Fuzzy Logic for Fusion of Tactical Influences on Vehicle Speed Control

  • Robin R. Murphy
Part of the Studies in Fuzziness and Soft Computing book series (STUDFUZZ, volume 61)


An important aspect in autonomous vehicle navigation is determining and maintaining proper vehicle speed. For example, planetary rovers need to navigate at the highest velocity possible, yet be able to slow down in order to maneuver safely around obstacles and over various types of terrains. In the case of automated highway driving, vehicle safety can be endangered by going around a curve too fast and crossing into the oncoming lane, traveling too fast to avoid hitting nearby vehicles if they suddenly stop or change lanes, or speeding down hills. Ideally, an autonomous vehicle would be able to sense and adapt to these conditions on-line, just as human drivers do.

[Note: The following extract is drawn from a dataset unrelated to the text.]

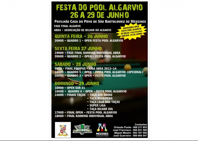 A Associação de Bilhar do Algarve escolheu, o Pavilhão da Casa do Povo de Messines como local para realizar a Festa do Pool Algarvio. Com início marcado para hoje (26 de Junho) a partir das 20h00, esta fase final irá prolongar-se até domingo (29 de Junho).
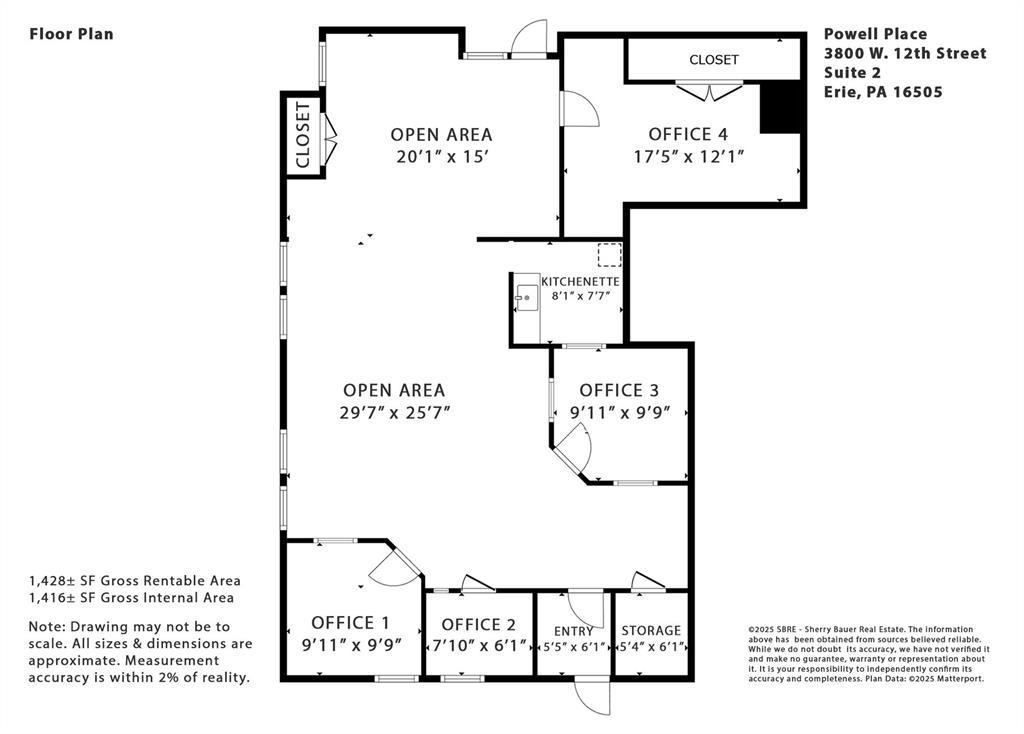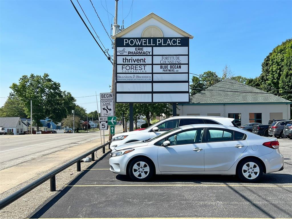 1,428± SF office suite available. Layout includes large open workspace with windows for natural light, 4 private offices, storage room, kitchenette & private entrance. 3D tour & floor plan available. Abundant free parking & excellent visibility. Situated along a high traffic corridor with 11,000 average daily traffic (PennDOT AADT, 2023). Easy egress with entrance at a signalized intersection. Centrally located & on the public bus route. Offered at $22.00/SF/YR - full service. Tenant pays $2,618/month with all utilities included. Join Blue Ocean Partners, Brandon J. Broderick, Erie Pharmacy, Forest Counseling, Fortitude Counseling, Thrivent & more at Powell Place!

In addition, the robot vehicle could take advantage of external sources of information broadcasted to its on-board computer, such as terrain data and reports of changes in the local speed limits due to weather, construction, and traffic conditions. Speed control is also an important concern for teleoperation of planetary rovers and for auto-pilot highway guidance systems. These systems assist, rather than totally replace, the driver. Therefore, it is desirable that a solution for speed control in an autonomous vehicle be compatible with the one required for semi-autonomous systems as well.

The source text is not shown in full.